Ofiary przemocy domowej mogą znaleźć w tej placówce bezpieczne schronienie.

Przemoc fizyczna i psychiczna

Wsparcie dla ofiar przemocy domowej oferowane jest w ramach procedury "Niebieskie Karty". To skoordynowany system pomocy dla takich osób.

- W 2019 roku w Krakowie w 1059 rodzinach była realizowana procedura "Niebieskie Karty", w których łącznie 1114 osób doświadczało przemocy. Wśród nich było 831 kobiet, 153 dzieci, 130 mężczyzn. Wśród kobiet 252 były po 60 roku życia, natomiast wśród mężczyzn 51 - wylicza Anna Latocha z biura prasowego krakowskiego magistratu.

Procedurę "Niebieskie Karty" mogą wszcząć przedstawiciele oświaty, służby zdrowia, policji, gminnej komisji rozwiązywania problemów alkoholowych czy pomocy społecznej.

W Miejskim Ośrodku Pomocy Społecznej w Krakowie przekonują, że stale monitorują sytuację ofiar przemocy domowej.

- Pracownicy socjalni podejmują kontakt z osobami, wskazanymi jako doświadczające przemocy. Jeśli brak jest możliwości kontaktu osobistego, działania są realizowane przez kontakt telefoniczny oraz mailowy - dodaje Latocha.

Policjanci z Małopolski zwracają uwagę, że w marcu tego roku - w porównaniu do poprzednich miesięcy - spadła liczba Niebieskich Kart, co mogłoby sugerować również spadek liczby osób, dotkniętych przemocą. Ale na te dane nie można patrzeć w oderwaniu od innych, dotyczących np. interwencji domowych. Tutaj sytuacja jest odwrotna.

Przykładowo w marcu ubiegłego roku policjanci interweniowali 3388 razy w całym regionie. W tym samym miesiącu br. liczba interwencji była większa - 3939. To właśnie w marcu rządzący wprowadzili znaczące ograniczenia w poruszaniu się.

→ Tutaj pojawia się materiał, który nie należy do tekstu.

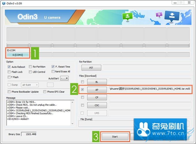 运行刷机工具 Odin3.09.3.exe手机进入挖煤模式后连接电脑,odin工具的com如下图1表示驱动正常;
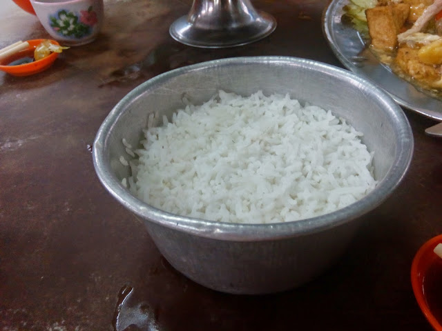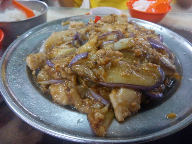 茄子鱼滑是我喜欢的一道菜式。茄子吸入了酱料的咸味,加上特制的鱼滑,味道很好。有水气包裹着的一粒粒蒸饭,配上好味的茄子,一碗碗的蒸饭就这样下肚了。这个就是欧巴喜欢蒸饭的原因了。

Policja nie ma jednak danych, ile z tych interwencji dotyczyło przemocy domowej. - Z podanych danych nie można zatem wnioskować o tym, że wzrasta zjawisko przemocy domowej. Niemniej jednak z uwagi na ograniczenia, związane z epidemią (kwarantanna, zakaz przemieszczania się), nie można go wykluczyć. W związku z tym małopolscy policjanci zostali zadaniowani do utrzymywania stałego kontaktu z rodzinami, w który prowadzona jest procedura Niebieskiej Karty - przekonuje nas mł. insp. Sebastian Gleń, rzecznik prasowy Komendy Wojewódzkiej Policji w Krakowie.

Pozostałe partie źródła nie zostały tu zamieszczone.